TASK INSTRUCTIONS.
Restate word for word the section of the entries that opens at the line containing "Анализ природного газа" and closes at the line containing "在临洮县检察院,朱玉和临洮县", both lines kept, pictures dropped.

PROVIDED DATA.
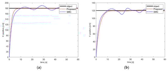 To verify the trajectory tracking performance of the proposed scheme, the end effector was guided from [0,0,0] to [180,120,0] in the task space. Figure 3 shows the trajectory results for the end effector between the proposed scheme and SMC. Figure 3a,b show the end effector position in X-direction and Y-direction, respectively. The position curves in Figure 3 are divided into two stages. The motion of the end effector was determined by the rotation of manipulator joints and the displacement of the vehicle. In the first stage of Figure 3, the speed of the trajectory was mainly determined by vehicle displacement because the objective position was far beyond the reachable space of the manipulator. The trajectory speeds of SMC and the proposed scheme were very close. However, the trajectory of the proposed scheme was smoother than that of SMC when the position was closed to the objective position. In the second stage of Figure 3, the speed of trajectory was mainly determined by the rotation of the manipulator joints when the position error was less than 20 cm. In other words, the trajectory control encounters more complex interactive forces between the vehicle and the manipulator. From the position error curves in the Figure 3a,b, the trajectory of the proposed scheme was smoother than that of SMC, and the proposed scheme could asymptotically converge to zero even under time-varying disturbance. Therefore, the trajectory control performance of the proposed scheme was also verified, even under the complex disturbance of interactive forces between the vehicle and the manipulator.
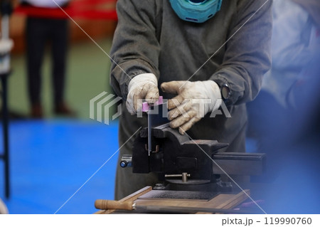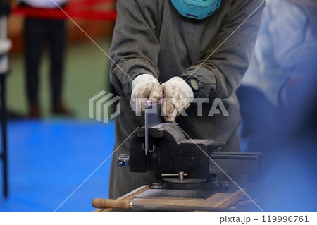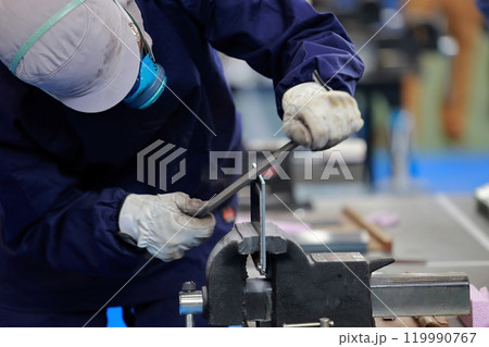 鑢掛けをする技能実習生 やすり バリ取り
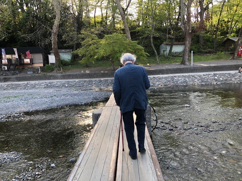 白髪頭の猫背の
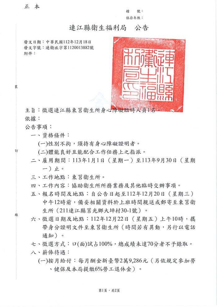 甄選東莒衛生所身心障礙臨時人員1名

--

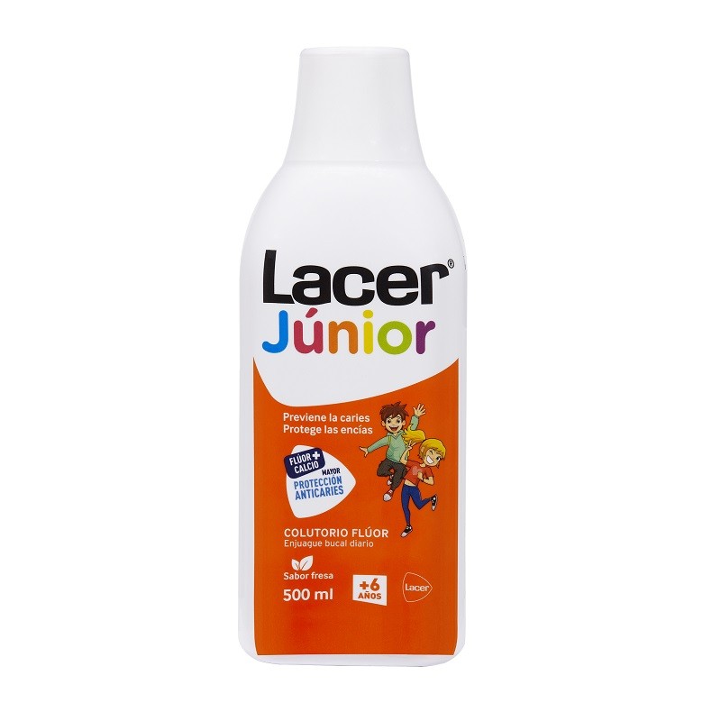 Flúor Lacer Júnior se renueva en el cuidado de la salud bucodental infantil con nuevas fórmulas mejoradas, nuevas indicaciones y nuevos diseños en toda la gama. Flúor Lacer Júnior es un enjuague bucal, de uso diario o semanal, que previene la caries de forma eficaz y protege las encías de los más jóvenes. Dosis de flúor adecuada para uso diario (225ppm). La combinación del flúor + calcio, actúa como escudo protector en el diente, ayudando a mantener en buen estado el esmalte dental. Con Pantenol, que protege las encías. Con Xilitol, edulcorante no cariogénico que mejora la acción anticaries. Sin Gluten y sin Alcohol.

* * *

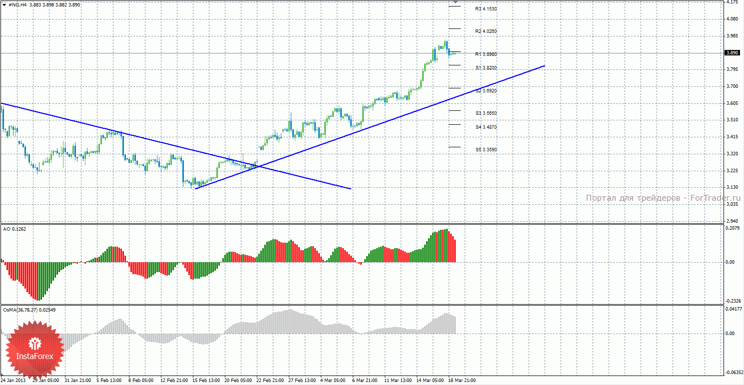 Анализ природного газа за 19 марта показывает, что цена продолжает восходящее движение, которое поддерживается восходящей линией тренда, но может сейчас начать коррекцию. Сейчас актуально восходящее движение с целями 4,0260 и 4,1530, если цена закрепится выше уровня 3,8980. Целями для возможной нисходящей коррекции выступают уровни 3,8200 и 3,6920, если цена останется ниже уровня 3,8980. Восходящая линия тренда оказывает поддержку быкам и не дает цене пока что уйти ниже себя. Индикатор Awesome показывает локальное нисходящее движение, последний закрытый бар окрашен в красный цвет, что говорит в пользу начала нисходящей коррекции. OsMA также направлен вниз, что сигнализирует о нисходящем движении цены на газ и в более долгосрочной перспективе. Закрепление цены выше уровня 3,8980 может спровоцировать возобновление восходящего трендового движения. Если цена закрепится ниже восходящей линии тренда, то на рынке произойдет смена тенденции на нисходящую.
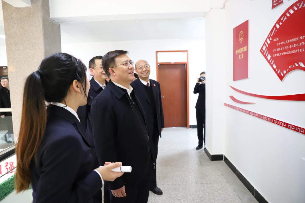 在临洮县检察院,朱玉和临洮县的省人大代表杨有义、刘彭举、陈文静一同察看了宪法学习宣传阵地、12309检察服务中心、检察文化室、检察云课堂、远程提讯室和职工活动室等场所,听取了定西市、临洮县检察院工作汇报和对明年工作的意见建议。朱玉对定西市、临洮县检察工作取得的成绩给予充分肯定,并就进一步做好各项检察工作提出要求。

RESULT.
 Анализ природного газа за 19 марта показывает, что цена продолжает восходящее движение, которое поддерживается восходящей линией тренда, но может сейчас начать коррекцию. Сейчас актуально восходящее движение с целями 4,0260 и 4,1530, если цена закрепится выше уровня 3,8980. Целями для возможной нисходящей коррекции выступают уровни 3,8200 и 3,6920, если цена останется ниже уровня 3,8980. Восходящая линия тренда оказывает поддержку быкам и не дает цене пока что уйти ниже себя. Индикатор Awesome показывает локальное нисходящее движение, последний закрытый бар окрашен в красный цвет, что говорит в пользу начала нисходящей коррекции. OsMA также направлен вниз, что сигнализирует о нисходящем движении цены на газ и в более долгосрочной перспективе. Закрепление цены выше уровня 3,8980 может спровоцировать возобновление восходящего трендового движения. Если цена закрепится ниже восходящей линии тренда, то на рынке произойдет смена тенденции на нисходящую.
 在临洮县检察院,朱玉和临洮县的省人大代表杨有义、刘彭举、陈文静一同察看了宪法学习宣传阵地、12309检察服务中心、检察文化室、检察云课堂、远程提讯室和职工活动室等场所,听取了定西市、临洮县检察院工作汇报和对明年工作的意见建议。朱玉对定西市、临洮县检察工作取得的成绩给予充分肯定,并就进一步做好各项检察工作提出要求。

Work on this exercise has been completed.